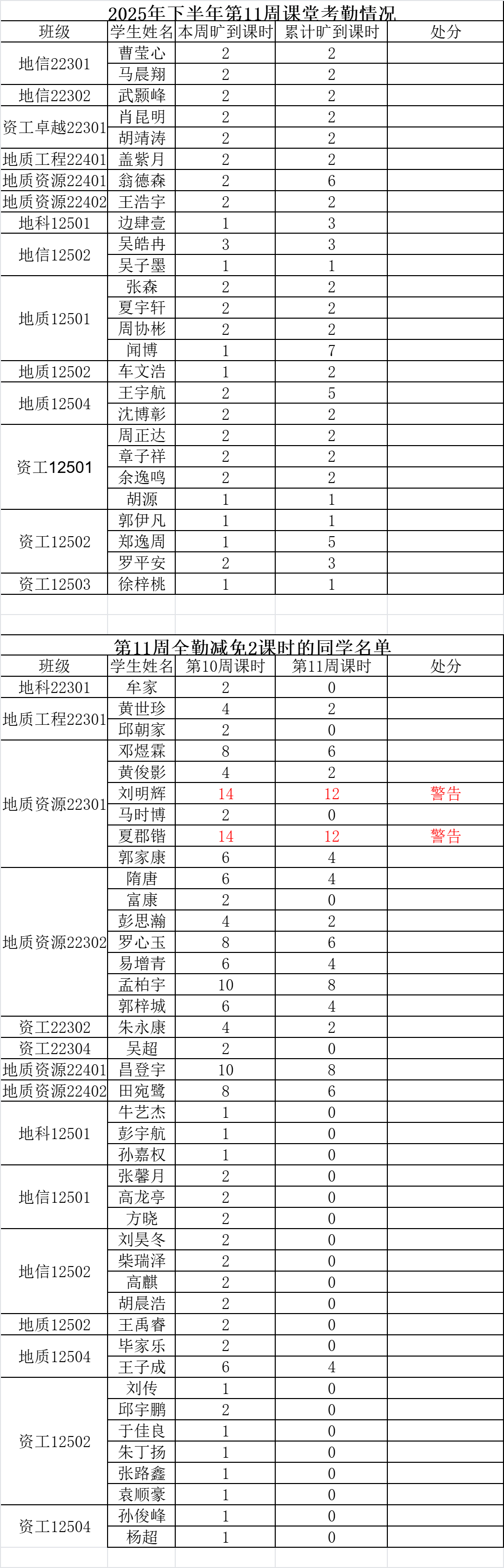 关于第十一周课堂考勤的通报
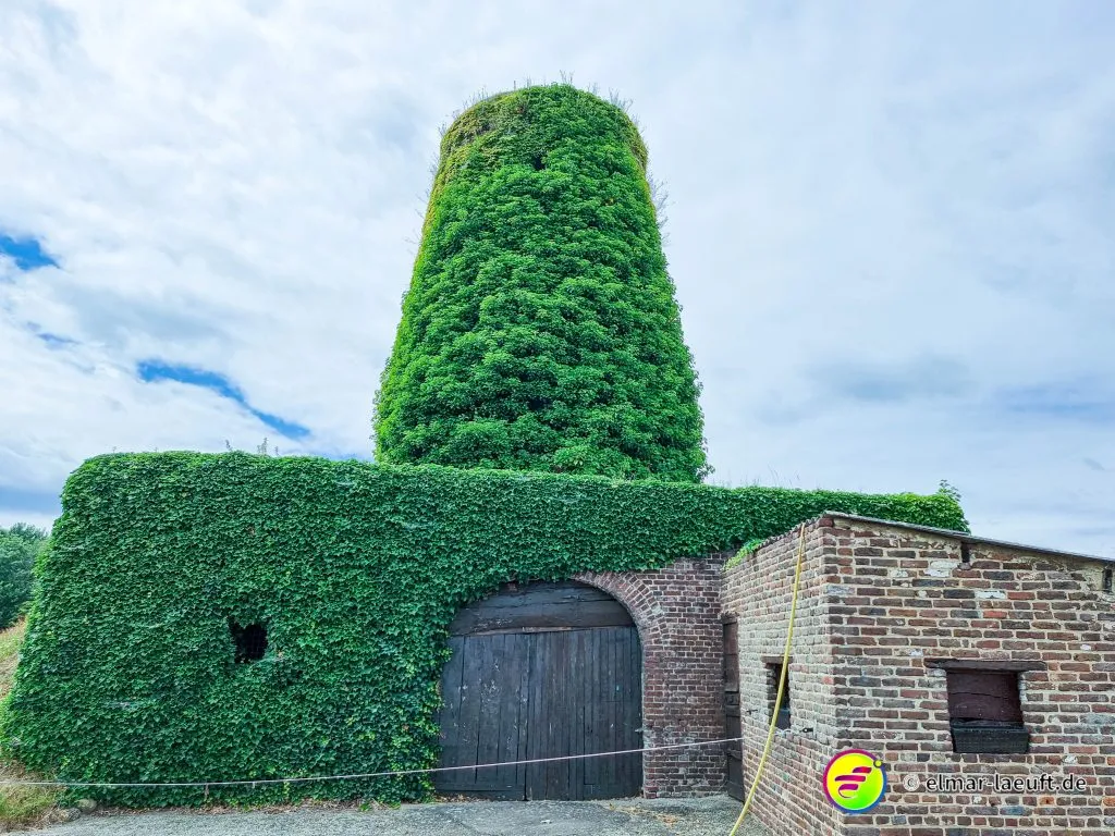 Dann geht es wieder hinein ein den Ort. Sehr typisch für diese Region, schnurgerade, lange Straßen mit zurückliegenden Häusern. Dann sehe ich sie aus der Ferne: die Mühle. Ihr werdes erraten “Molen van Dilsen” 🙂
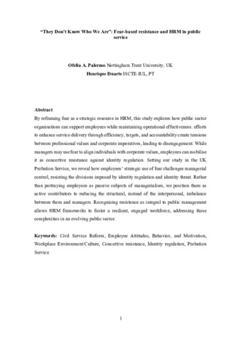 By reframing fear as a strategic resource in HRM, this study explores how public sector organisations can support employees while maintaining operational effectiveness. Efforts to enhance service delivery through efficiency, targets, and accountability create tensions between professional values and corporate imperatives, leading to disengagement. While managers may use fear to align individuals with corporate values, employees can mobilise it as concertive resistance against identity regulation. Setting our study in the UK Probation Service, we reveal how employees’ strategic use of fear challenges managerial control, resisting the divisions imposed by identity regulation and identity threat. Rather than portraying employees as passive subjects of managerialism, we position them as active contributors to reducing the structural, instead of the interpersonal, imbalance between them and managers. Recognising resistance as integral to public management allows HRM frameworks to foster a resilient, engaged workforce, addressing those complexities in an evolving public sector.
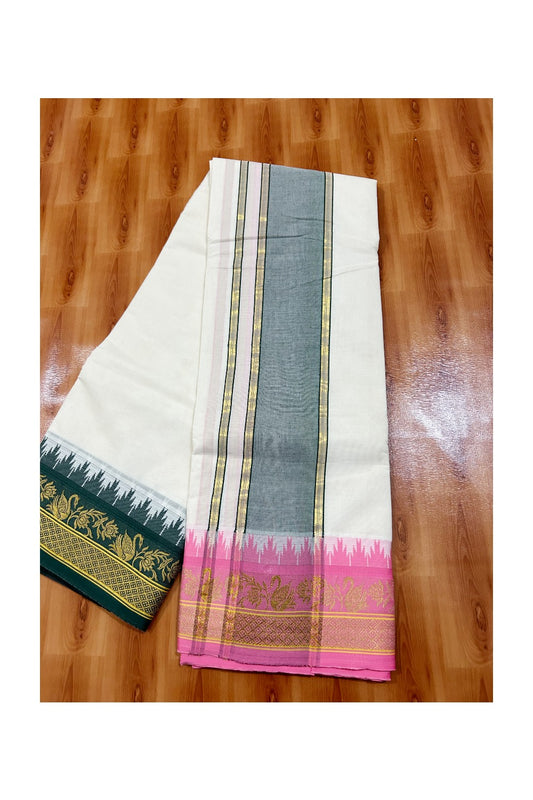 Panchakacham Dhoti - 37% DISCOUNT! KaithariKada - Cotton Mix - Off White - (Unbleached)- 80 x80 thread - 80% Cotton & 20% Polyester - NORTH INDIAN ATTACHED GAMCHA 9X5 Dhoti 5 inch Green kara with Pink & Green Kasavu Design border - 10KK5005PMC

Task instructions =>
Nothing but the lines from the beginning of the material through the line with "Dann geht es" should appear, printed exactly, with no pictures among them.

Result =>
 关于第十一周课堂考勤的通报
 Dann geht es wieder hinein ein den Ort. Sehr typisch für diese Region, schnurgerade, lange Straßen mit zurückliegenden Häusern. Dann sehe ich sie aus der Ferne: die Mühle. Ihr werdes erraten “Molen van Dilsen” 🙂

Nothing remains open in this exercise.